The Money and Ethics of Clinical Drug Trials
Posted on Fri, Apr 29, 2011 @ 11:33 AM
Because we are involved with and promote dozens of clinical drug trials at MidAmerica Neuroscience Institute each year, we felt it was important to state our position on these endeavors.
Clinical trials sponsored by the device and pharmaceutical industries can be “an extra source of income” in a climate where regulation is more and more the order of the day. If you listen to the radio or read the newspaper you will notice many ads recruiting patients for clinical drug trials. There is big money in these drug studies - and there is nothing wrong with that. It requires a great deal of money to safely bring a new drug to market. Recruiting patients and staffing the medical personnel to run these trials are just one of the many expenses.
We at MidAmerica Neuroscience Institute became involved with
clinical trials over fifteen years ago. The physicians involved in patient selection and clinical trial acceptance don’t benefit from patient enrollment in the trials. Our purpose is to make cutting edge therapies, which were not yet approved (but look promising) available to our patients. All the compensation for these trials is in turn donated to a not-for-profit foundation doing basic research in the areas of interest to MidAmerica Neuroscience Institute, like Multiple Sclerosis, Sleep Disorders, Headache and Memory Loss. Thus, the ethical conflict of what ethicists call the “dual agency problem” (no person can serve two masters) is avoided, since enrollment of patients in clinical trials does not enhance the enrolling provider’s income.

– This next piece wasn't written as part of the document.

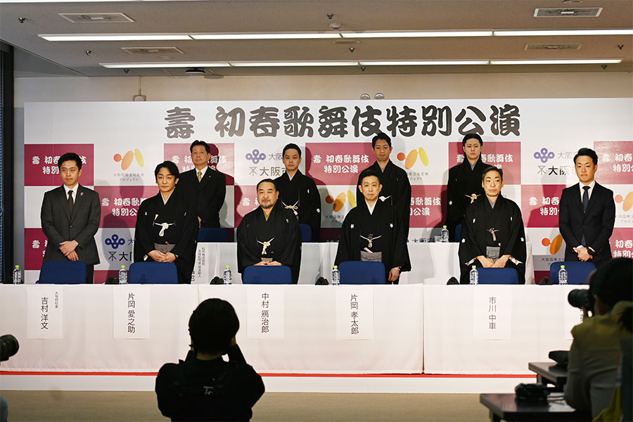 2026年1月に「大阪松竹座」(大阪市中央区)で開催される、上方(関西)歌舞伎の俳優たちが大挙出演する『壽 初春歌舞伎特別公演』の概要発表会見が11月10日、「大阪市役所」にておこなわれ、出演者ら同年5月に閉館する松竹座への思いを明かした。
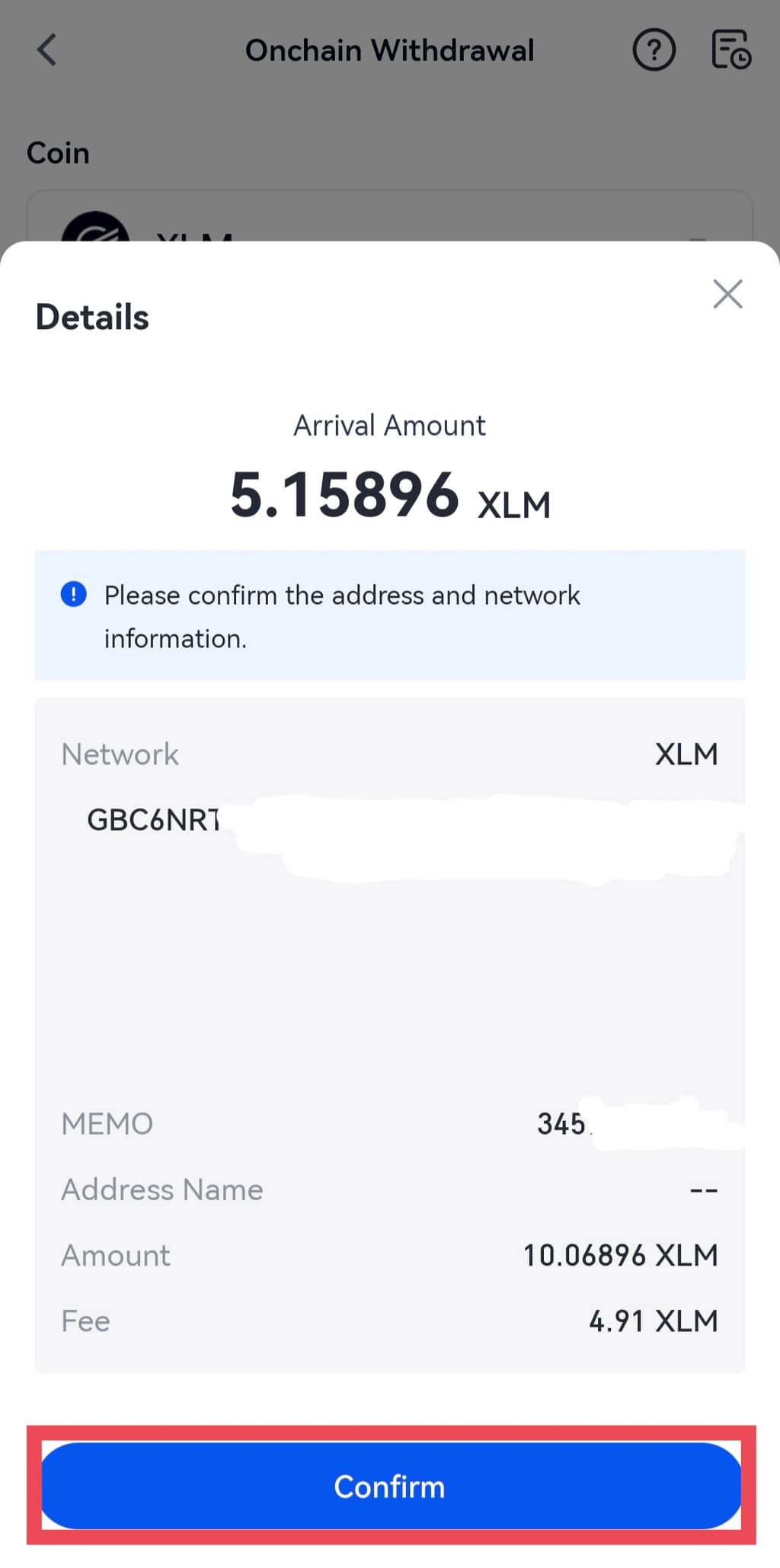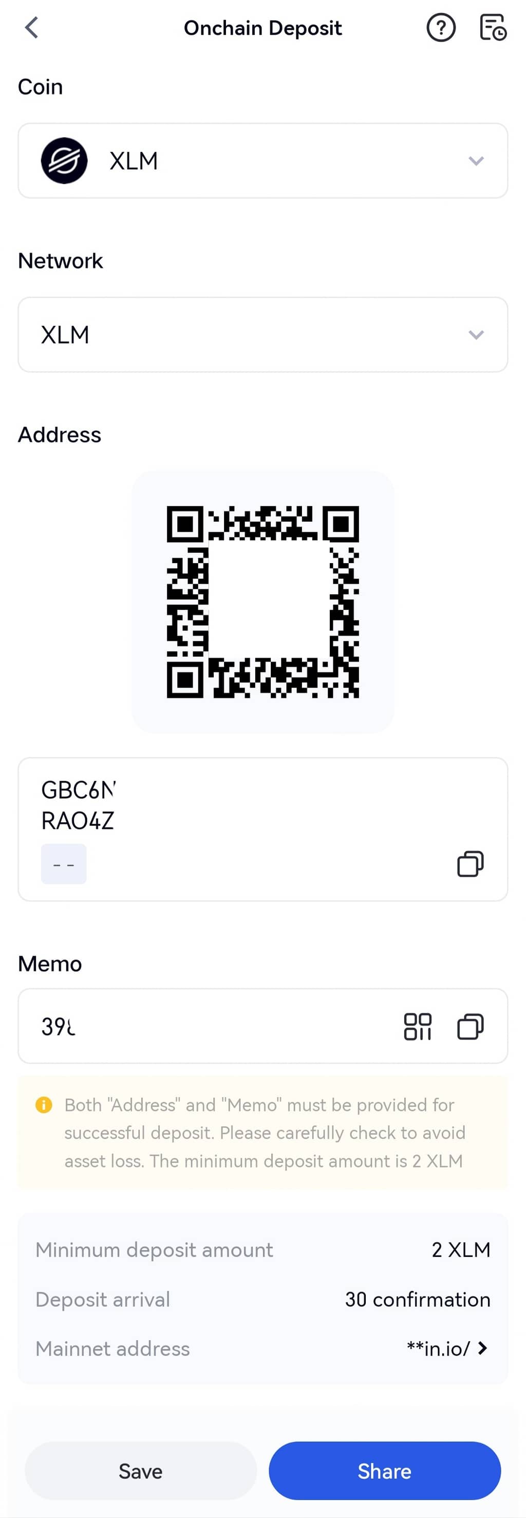 Passo 7: Você verá o endereço e o Memo na página de depósito de XLM.

Since those early days, clinical trials have become big business. Entire companies have been formed just for the purpose of carrying out clinical trials. Hospitals, always eager for another profit center, have jumped into the business. We at MidAmerica Neuroscience Institute, though, do things the way we did all those years ago. By directing all income from clinical trials into research, we help advance the knowledge and science of neurological diseases in ways that help our patients as well as the entire neurological community.
Maybe we’re just old fashioned, but we feel that just as important as avoiding the dual agency problem, we do it this way because it’s the right thing for our patients.